| Recorded data |
──────

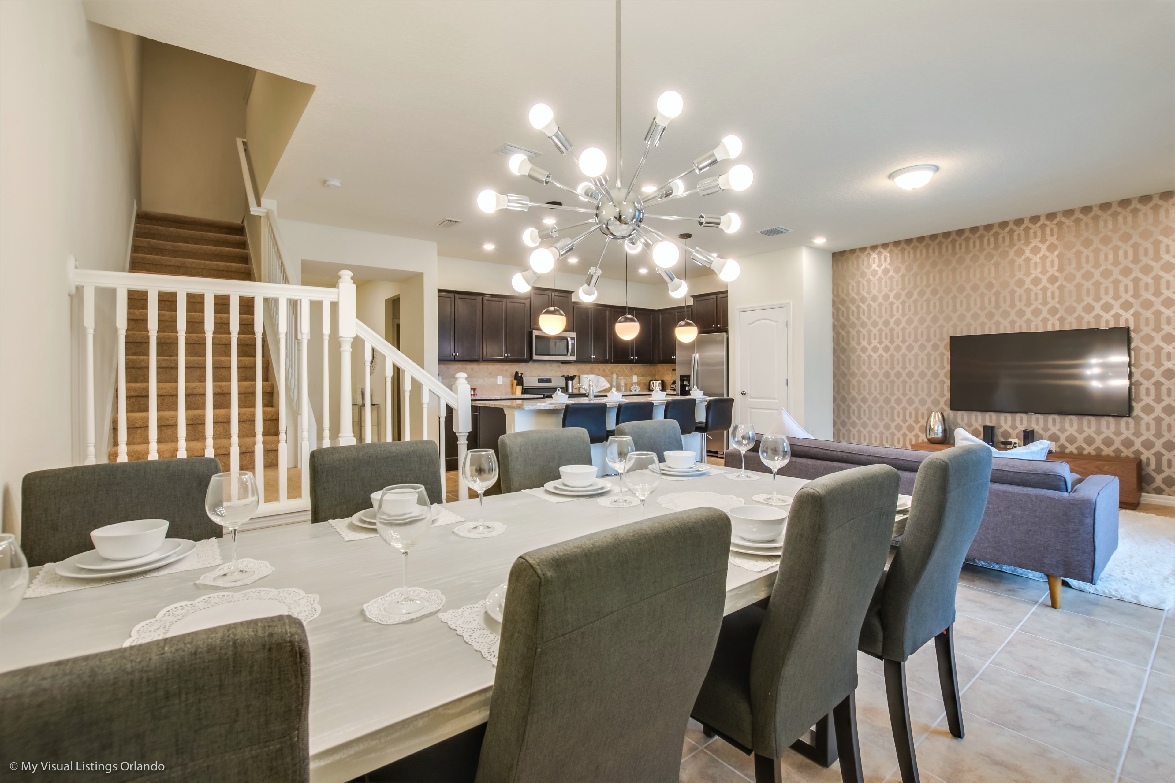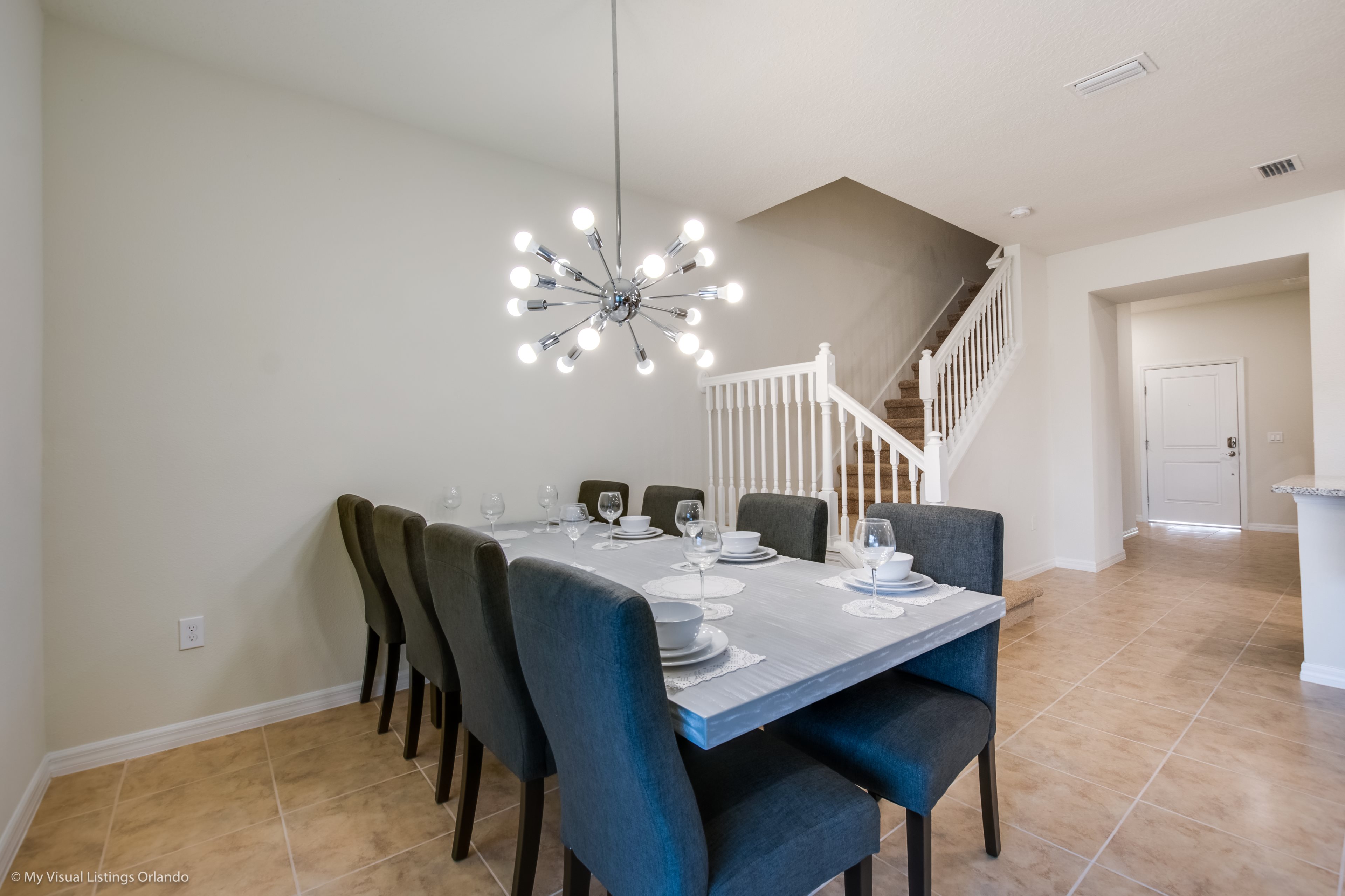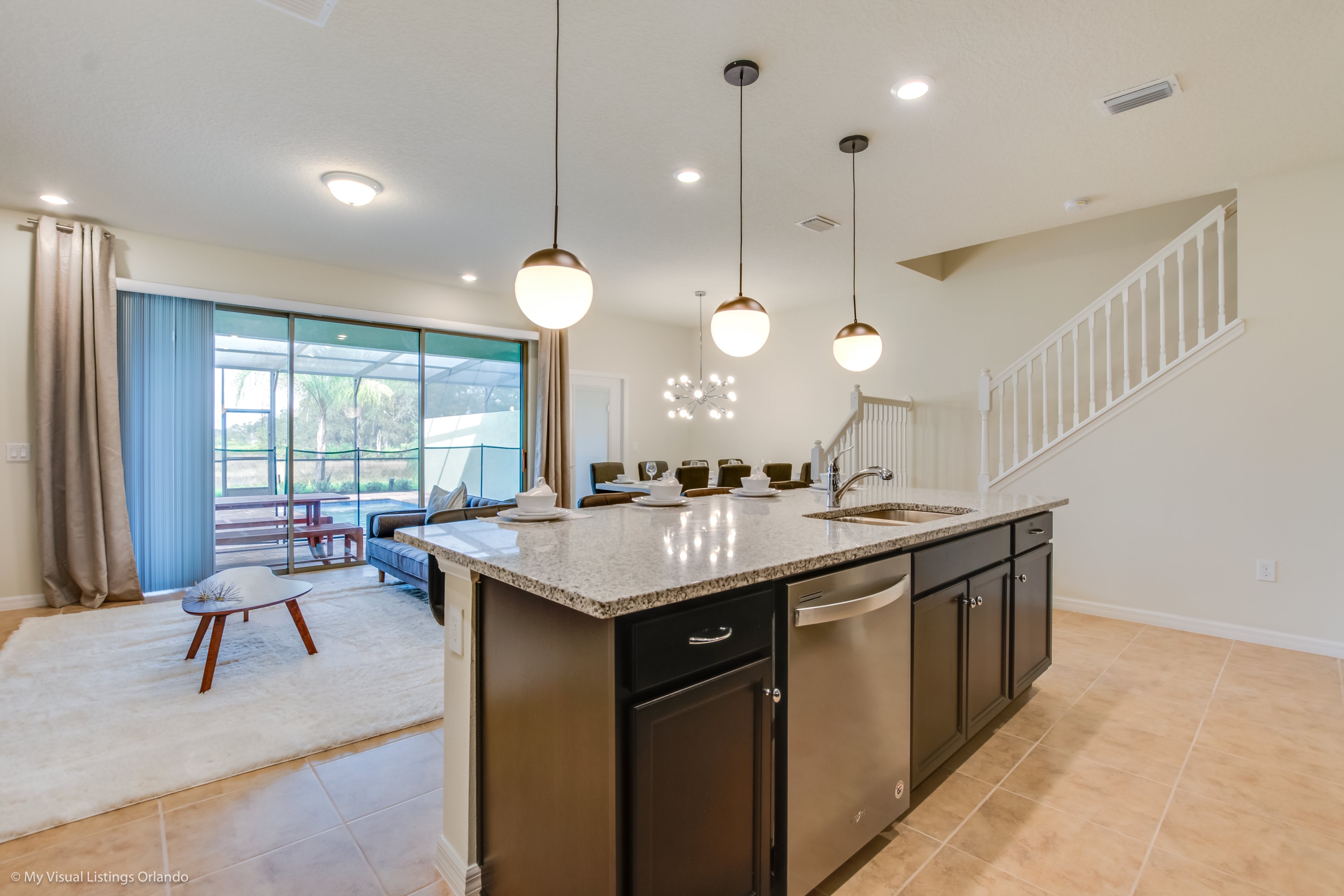 This BRAND NEW, 2 story, 5 bedroom, 5.5 bathroom vacation home-away-from-home with all the comforts and high-end touches of luxury. This townhome is perfect for families, two families to share, groups or golfing couples with wonderful tiled living areas, including a comfortable living room, study and formal and kitchen dining spaces. The beautiful white on black kitchen has all the gadgets and appliances you could need. An extended Kitchen bar allows for seating for 3 along with a breakfast table for up to 6. The kitchen is also equipped with a dishwasher, side-by-side fridge freezer, microwave and gas burner stove. It has all you need for in home dining with blender, toaster and coffee machine to compliment the various bakeware, flatware, utensils and dinnerware.
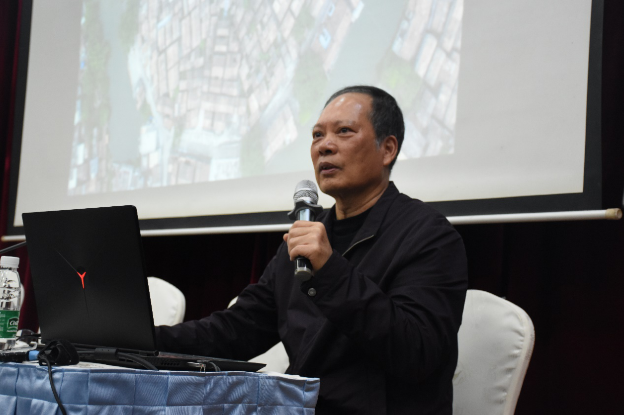 本网讯 11月24日下午,由中国语言文化学院举办的以“保护古村落文化,留住美丽乡愁”为主题的讲座在F101拉开帷幕。本次讲座由广东省古村落评审专家、文学博士黄伦生作为主讲人,由中国语言文化学院副院长吴晟主持,书记吴锦德出席讲座。
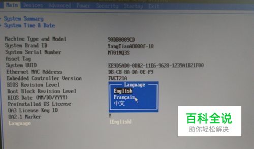 进BIOS后主界面最下面一个选项“Language”(语言),可将BIOS语言改为中文。

──────

| What is being asked |
Repeat the material above in full and exactly, apart from the pictures.

| Result of the exercise |
 This BRAND NEW, 2 story, 5 bedroom, 5.5 bathroom vacation home-away-from-home with all the comforts and high-end touches of luxury. This townhome is perfect for families, two families to share, groups or golfing couples with wonderful tiled living areas, including a comfortable living room, study and formal and kitchen dining spaces. The beautiful white on black kitchen has all the gadgets and appliances you could need. An extended Kitchen bar allows for seating for 3 along with a breakfast table for up to 6. The kitchen is also equipped with a dishwasher, side-by-side fridge freezer, microwave and gas burner stove. It has all you need for in home dining with blender, toaster and coffee machine to compliment the various bakeware, flatware, utensils and dinnerware.
 本网讯 11月24日下午,由中国语言文化学院举办的以“保护古村落文化,留住美丽乡愁”为主题的讲座在F101拉开帷幕。本次讲座由广东省古村落评审专家、文学博士黄伦生作为主讲人,由中国语言文化学院副院长吴晟主持,书记吴锦德出席讲座。
 进BIOS后主界面最下面一个选项“Language”(语言),可将BIOS语言改为中文。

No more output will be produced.